To improve health, hospitals partner to provide housing
Originally posted on AAMC.
For Megan Sandel, MD, a pediatrician at Boston Medical Center (BMC) and principal investigator at Children’s HealthWatch, a nonpartisan network of children’s health researchers and policy experts, the benefits of stable housing go far beyond dollars saved. In a 2017 JAMA paper, she notes: “The return on investment involved in expanding affordable housing cannot be fully measured by portfolio profits or even by costs saved by addressing the root causes of residentially insecure families’ health needs. It is also measured by building healthier communities — with plenty of safe, decent, and affordable housing — to improve the well-being of children who, if nothing changes, may be the future’s most expensive patients.”
Innovative approaches
As recognition of the link between health and housing has grown, health systems have taken a variety of approaches to address housing insecurity.
BMC has a long history of partnering with local community organizations to address homelessness. In the mid-1980s, hospital administrators noticed that many of Boston’s frail elderly were being displaced from their apartments. Working with the Boston Housing Authority, the hospital established the Elders Living at Home program in 1986 to assist these vulnerable patients, providing intensive case management and housing assistance. Since that time, the program has helped more than 2,000 homeless elders find permanent housing.
Building on the success of that program, BMC has since expanded its efforts to assist the city’s unhoused population. Since 2017, the hospital system has invested more than $6.5 million in affordable housing initiatives, partnering with the Boston Housing Authority, Cambridge Housing Authority, and Boston Health Care for the Homeless Program; community development organizations including Nuestra Comunidad Development Corporation, Madison Park Development Corporation, and Codman Square Neighborhood Development Corporation; and affordable housing developers including The Community Builders, among others.
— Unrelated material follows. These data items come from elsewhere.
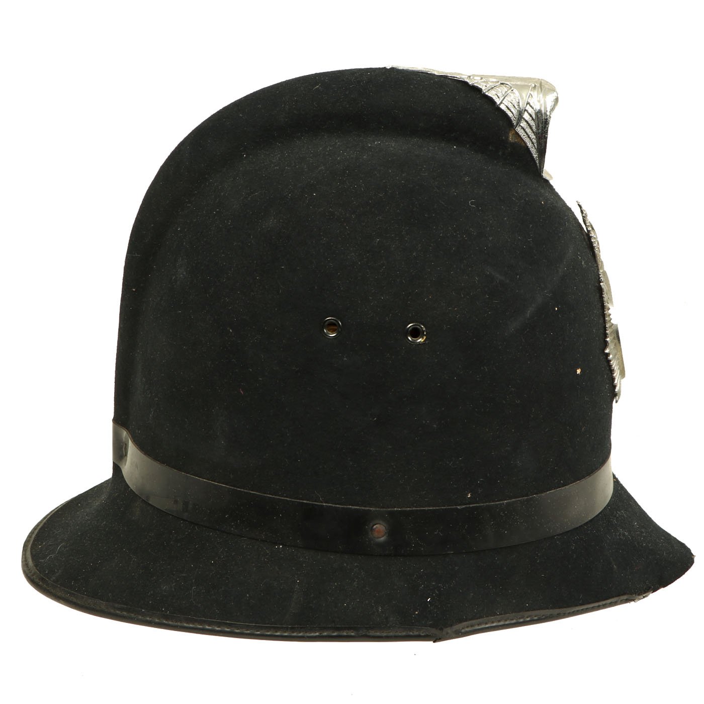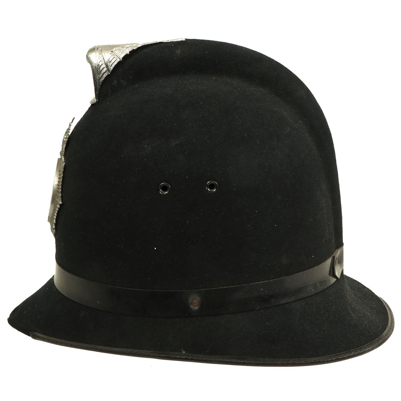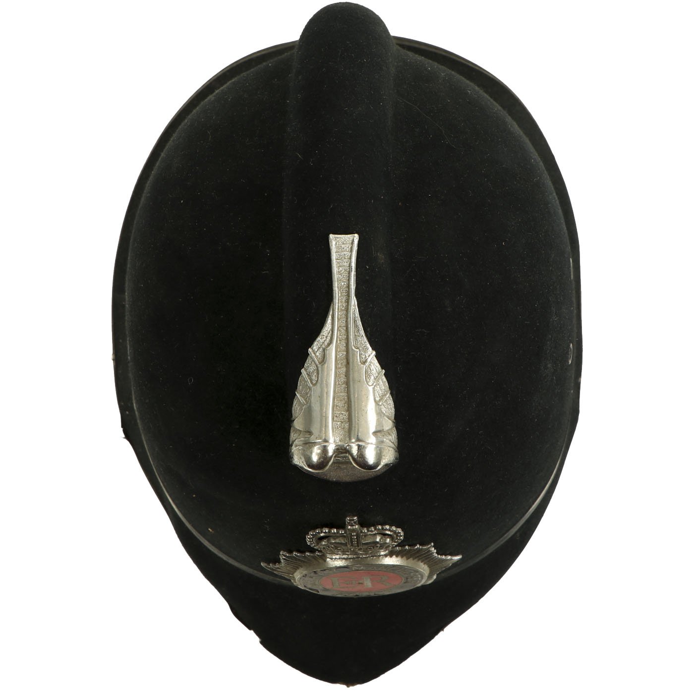 Original Item: Only One Available. The Traditional Bobby helmet was named after the creator of the British Police Force, SIR ROBERT PEEL, who became Prime Minister under Queen Victoria. This version, known as a "Comb Top", replaced the earlier "ball top" and "rose top" helmets used in many areas. The pattern features a pronounced ridge on the top of the helmet, which is capped off by a silvered fitting some simple designs.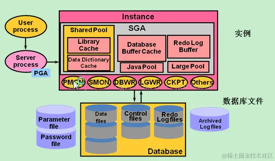 数据库是由一组文件组成的,对数据库的所有操作都是需要通过实例来完成了。通常数据库和实例是一一对应的。例外就是RAC了,RAC下一个数据库就对应了多个实例。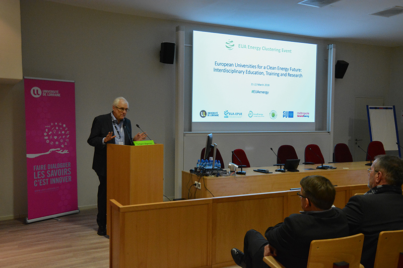 L’European University Association – EUA (l’équivalent de la Conférence des Présidents d'Université à l'échelle européenne) à travers sa Plateforme sur l`Energie et l`Environnement (EUA-EPUE) et en collaboration avec l’Université de Lorraine, la Conférence des présidents d’université et InnoEnergy, a organisé les 21 et 22 mars l’évènement « Universités européennes pour un avenir énergétique propre : éducation interdisciplinaire, formation et recherche », qui a rassemblé 28 intervenants qui ont délivré leur point de vue, leur vision et débattu des évolutions et changements de paradigme dans le domaine de l’enseignement supérieur et de la recherche sur l’énergie avec la perspective de la transition. On comptait parmi eux :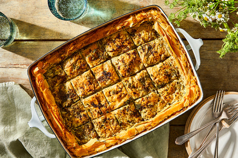 - Using pastry brush, spread melted compound butter on bottom and sides of 13x9-inch baking dish. Keeping stack of phyllo dough covered with damp towel, add 1 sheet phyllo to dish; brush with melted compound butter to coat evenly. Repeat with compound butter until 10 sheets phyllo dough line dish. Coat top phyllo layer with filling, spreading evenly. Top filling with 1 sheet phyllo; brush with compound butter. Repeat for total of 10 sheets phyllo.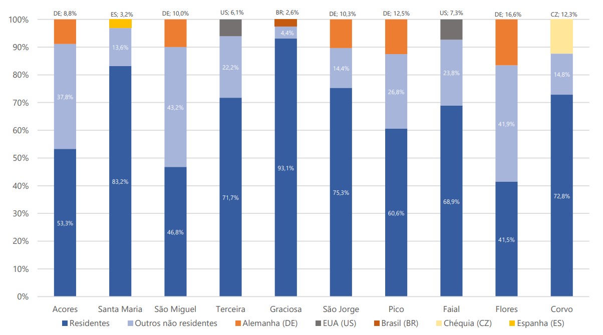 Analisando as dormidas, por mercados (residentes em Portugal e não residentes), na hotelaria e alojamento local, para os Açores, o mercado nacional garantiu 53,3% do total, enquanto os mercados externos contribuíram com 46,7%. Em todas as ilhas dos Açores, com exceção de São Miguel e Flores, o mercado nacional teve um maior peso nas dormidas sendo mais expressivo nas ilhas Graciosa (93,1%), Santa Maria (83,2%) e São Jorge (75,3%).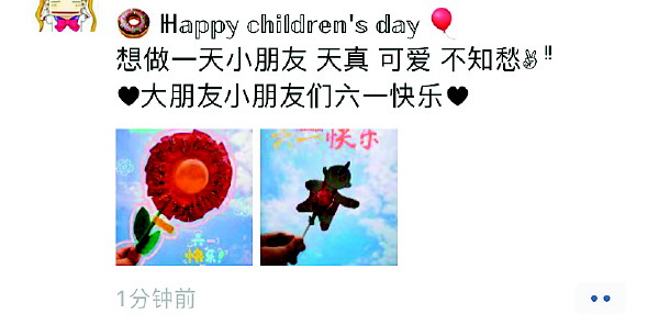 年轻人的朋友圈里,也到处弥漫着儿童节的快乐。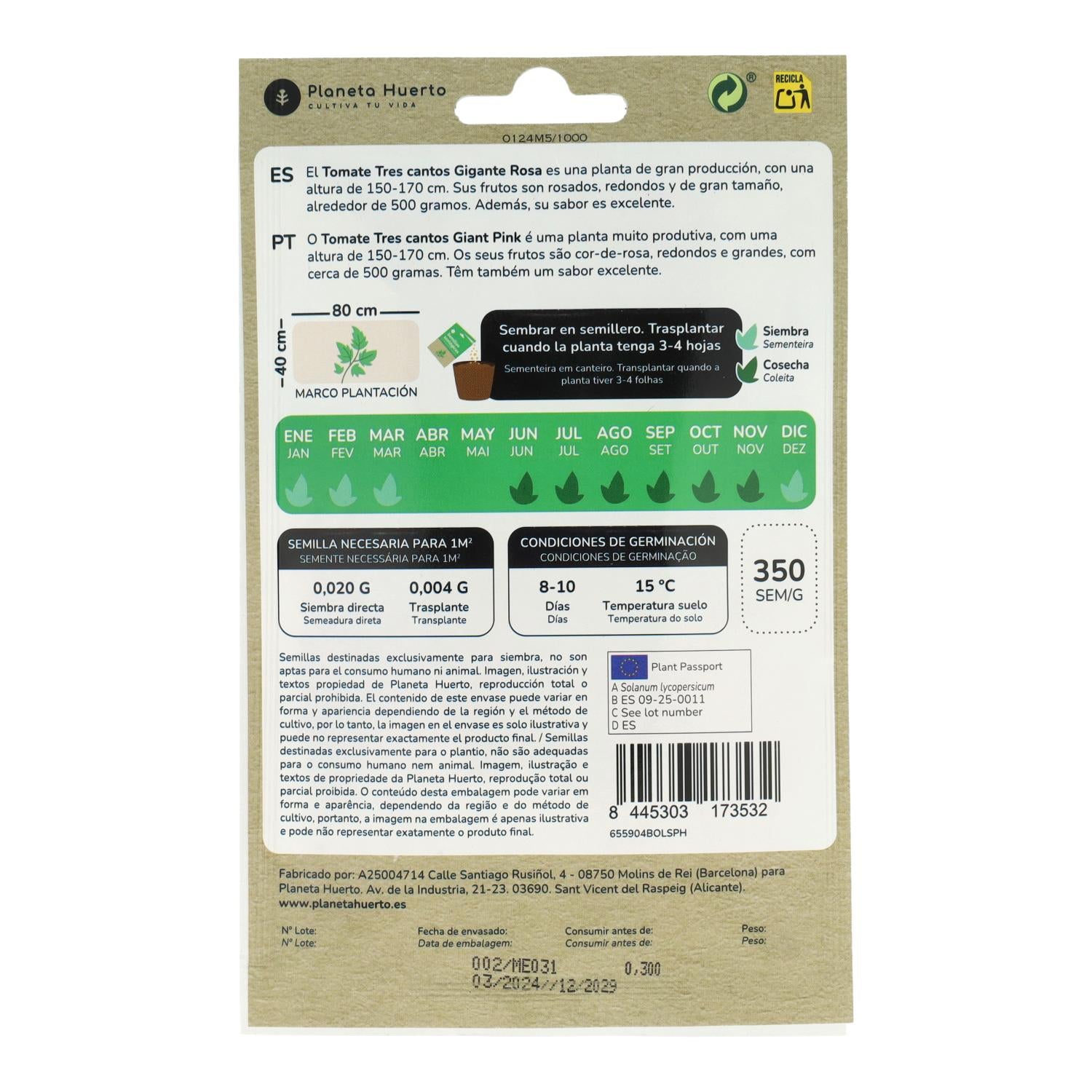 Toda la información sobre "Semillas de Tomate tres cantos gigante rosa ecológicas Planeta Huerto"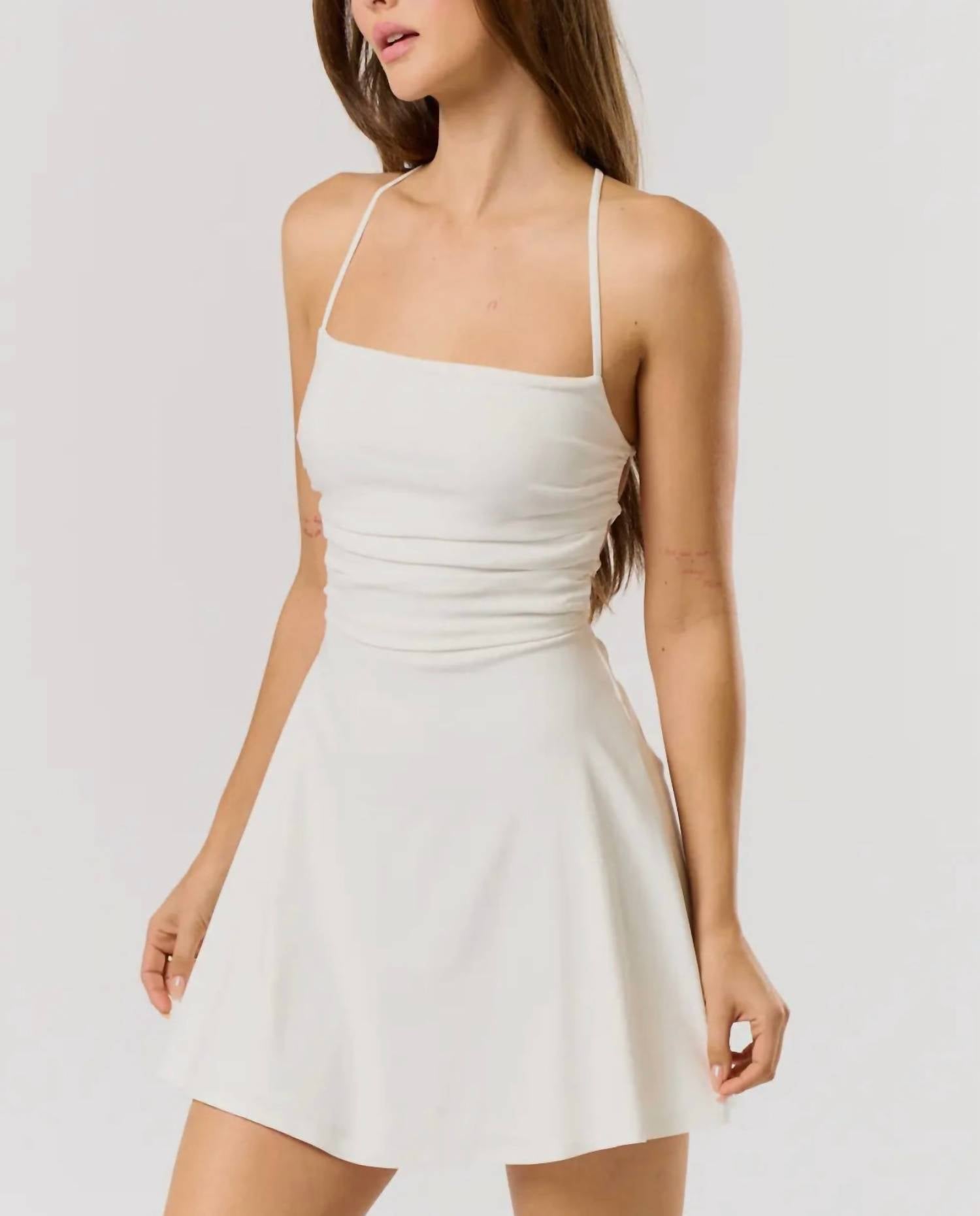 The kind of easy and flattering dress you'll be reaching for all season long. Introducing the Bailey Lace Up Back Mini Dress by Blue Blush, a chic addition to your wardrobe designed for versatile wear. Featuring spaghetti straps and crafted from a blend of 64% Rayon, 34% Nylon, and 2% Spandex, this A-line mini dress offers both comfort and style. With a flattering square neckline and a unique lace-up cross-back design, it's ideal for spring occasions or a Thanksgiving dinner party. Closure is through a tie, and it can be conveniently machine washed. Model is 5'9" wearing a size small and the fit is true to size.

“If you don’t have a stable, decent, affordable home, then most of the health care interventions that we would typically provide just don’t work as well,” Sandel says. She gives as an example a person with heart failure, for whom the primary treatment might be diuretics — medications that prompt a person to urinate more frequently to get rid of excess fluid so the heart doesn’t have to work as hard. Someone without stable housing might not have frequent access to a bathroom, and so might choose not to take the medication, which results in them becoming sicker and ending up back in the hospital. “I sometimes joke that we house people very effectively,” Sandel says. “We just house them in the most expensive places, like inpatient units and emergency departments.”